Using human embryos sourced from a fertility clinic, Chinese scientists tried to use CRISPR-Cas9 to edit a gene that causes beta-thalassemia (a blood disorder that reduces the production of hemoglobin) in every cell. Although the donor embryos used would not have resulted in a live birth, the experiment ended poorly. Out of 86 embryos injected, only 28 were successfully spliced, and very few contained the genetic material the researchers intended to find. In addition, it’s very likely more damage was done that went undocumented.
“The Chinese researchers point out that in their experiment gene editing almost certainly caused more extensive damage than they documented; they did not examine the entire genomes of the embryo cells,” Gina Kolata from the New York Times explained.
Between the failed experiment and the general issue of ethics, this discovery produced controversy within the scientific community.
In November 2016, another group of Chinese scientists became the first to use CRISPR-Cas9 on an adult human. The scientists injected a lung cancer sufferer with the patient’s modified immune cells by CRISPR to theoretically help the patient’s body fight back against cancer. The effort was successful.
Later, in a study published in August 2018, scientists successfully ‘edited’ human embryos, removing the portion of DNA that can lead to hereditary heart disease.
While it is one thing to be able to remove the DNA that could lead to life-threatening diseases, there are genuine ethical concerns at play here.
First, this is still a relatively new engineering technique, one that does not guarantee success every time. Even if the process of tampering with the embryos worked flawlessly, there is no telling what side-effects might occur later on during a person’s life.
Even though no one can argue the benefits of being able to prevent viruses and diseases from within a human embryo, this is a double-edged sword.
For example, if a scientist can identify the gene that causes breast cancer, they could potentially change anything about a person. That means scientists could literally make superhumans. They’d be able to program their children to be smarter, faster, or have preferred features.
This is essentially forcing evolution.
Even if people accept this as something we have the potential to do, it does not change the fact that it isn’t something we should. CRISPR-Cas9 will likely become heavily commercialized, meaning the procedure itself would be cheap, but only the wealthy would be able to afford the hefty price it would cost to genetically modify their offspring, thus increasing the disparity between the wealthy and the middle and lower classes.
We have already seen other methods used to determine things such as gender. A perfect example is Chrissy Teigan and John Legend choosing the gender of their child (a girl) through in vitro or IVF. The method was originally used to screen for genetic disorders, but a result of modern IVF is learning the gender of the embryos.

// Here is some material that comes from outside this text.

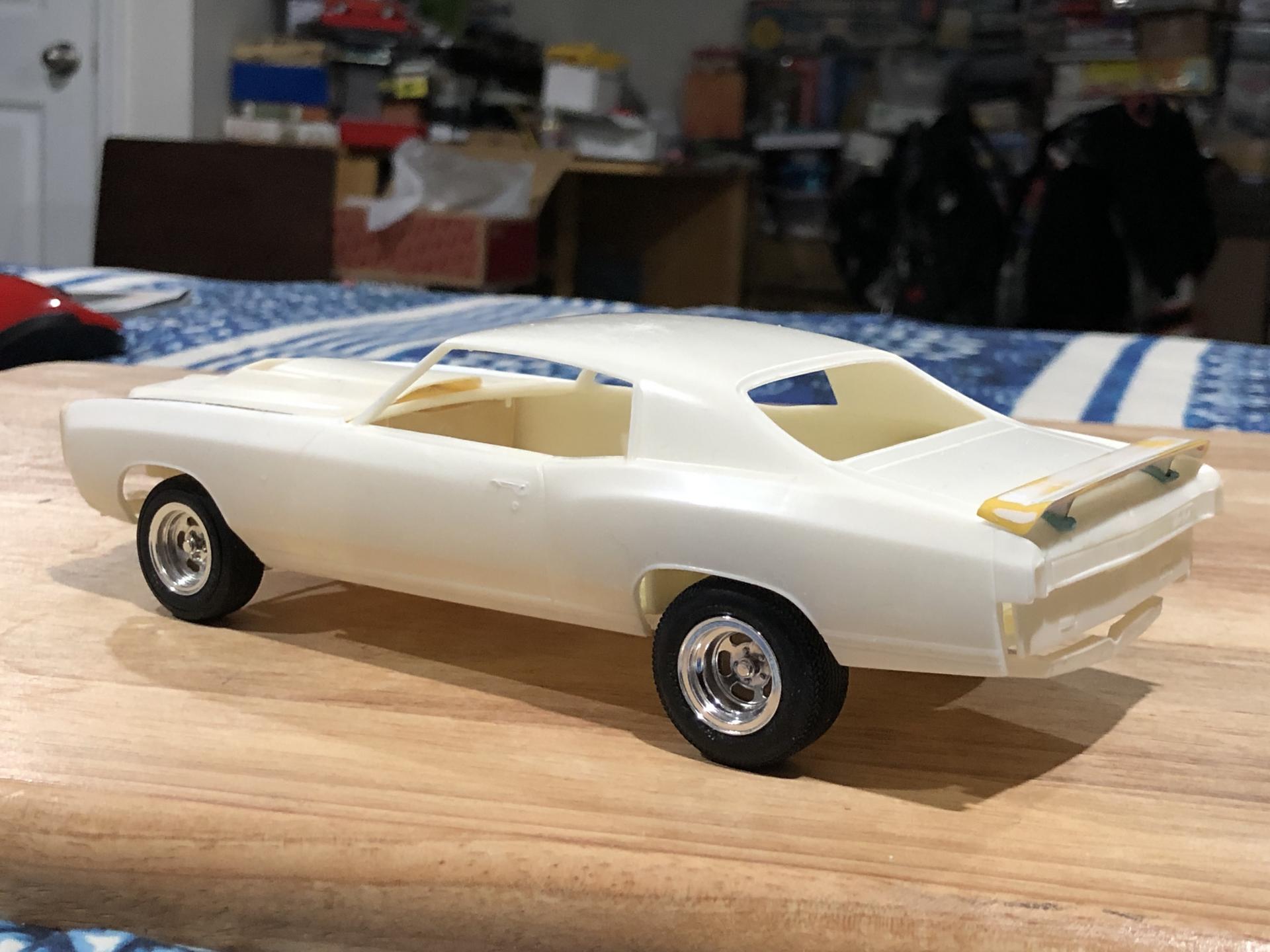 Below are some slot car bodies I made for a friend. He had a pretty good stash so we worked out a deal where I got a kit of MY choosing and he would select a kit for the body. I would detail out the body for him and get to keep all the rest of the kit for parts. The silver Super Bee turned out really nice. Note: the wheels shown were only for mock up pics.

According to Jeffrey Steinberg, M.D., a leading IVF specialist, there are a growing number of couples—some 70 percent of the patients in Steinberg’s practice—who use IVF specifically so that they can choose a son or a daughter.

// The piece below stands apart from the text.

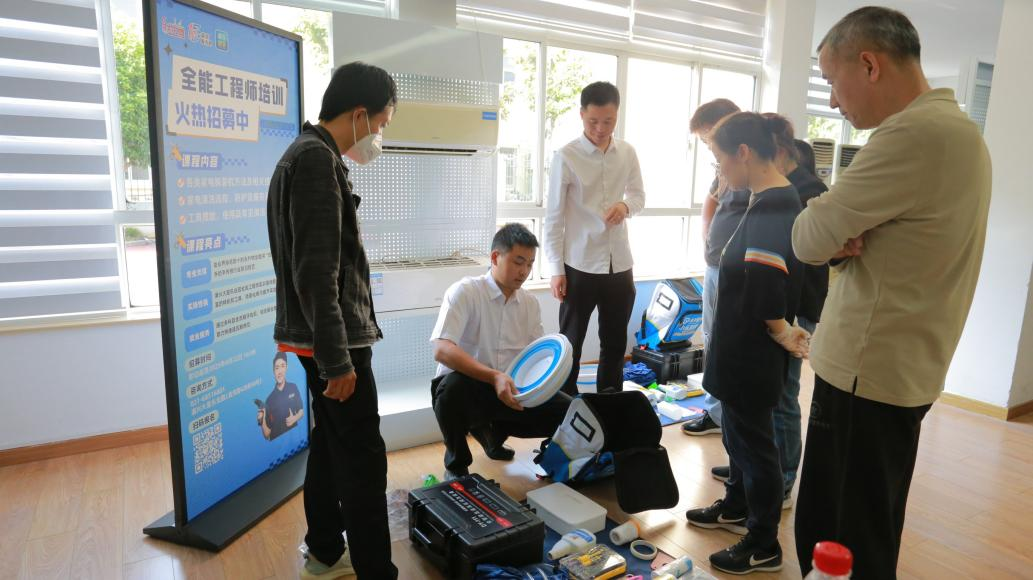 除此之外,为解决街道内维修师傅少、居民再就业困难的问题,永升服务在街道内开展“全能工程师”培训,课程涵盖空调、油烟机清洗与维修等理论与实践课程,由永升工程总监亲自授课,为街道内更多居民提供再就业技能支持,也为街道内输出更多专业维修人才。

If we are already seeing a trend in the specific selection of gender by couples, it is highly likely that the same thing would be in store for CRISPR.
This is going too far.
As fascinating as this opportunity seems, it doesn’t mean it should be seized. It’s better to listen to the group of American scientists who have told us to stay away from manipulating these kinds of things and simply leave our future generations be-at least in terms of personal preference.